Tydavnet, officially Tedavnet , is a village in northern County Monaghan, Ireland, and also the name of the townland and civil parish in which the village sits. Both the Church of Ireland and Catholic church have Tydavnet named as a parish and in both cases, the geographical area is almost identical. The village is located on the R186 regional road.

== History ==
=== Bronze Age gold ===
Evidence of ancient settlement in the area includes the Atlantic Bronze Age Tydavnet gold discs. Dating from circa 2100 BC, these discs were discovered in the roots of an old tree. Raised lines, rows of dots and zig-zags produce a central cross surrounded by concentric patterns, were used to decorate the discs. The techniques of repoussé, punching and polishing, and doming of the surfaces are not seen on other similar discs. The pair of discs are on permanent display in the National Museum of Ireland.

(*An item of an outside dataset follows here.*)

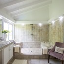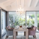 The light and airy interior features rich decor that blends classical styling with contemporary design features and artistic elements. A neutral color palette highlighted by a mix of beiges and whites is accented with interesting fabrics and decorative touches like candelabra lamps, indirect lighting, sculptured pieces and graceful furniture.

=== Foundation and name ===
The Irish name of the townland and village, , derives from the area's association with the 6th-century Irish saint, Saint Damnat. (Note: Other texts associate the area with a different saint, Saint Dymphna, who -whilst fleeing to Belgium to escape her pagan father's wrath- is said to have stopped in Tydavnet.)) Damnat is thought to have founded a church in the area, which is generally considered to have been located in the graveyard of the current village Catholic church. This church, St. Dympna's Church, was originally erected in 1730, then rebuilt in the early 1900s and the interior renovated in the 1990s. It is one of the three existing Catholic churches in the parish. The other two churches are located in Corlat, and in Urbleshanny, near Scotstown.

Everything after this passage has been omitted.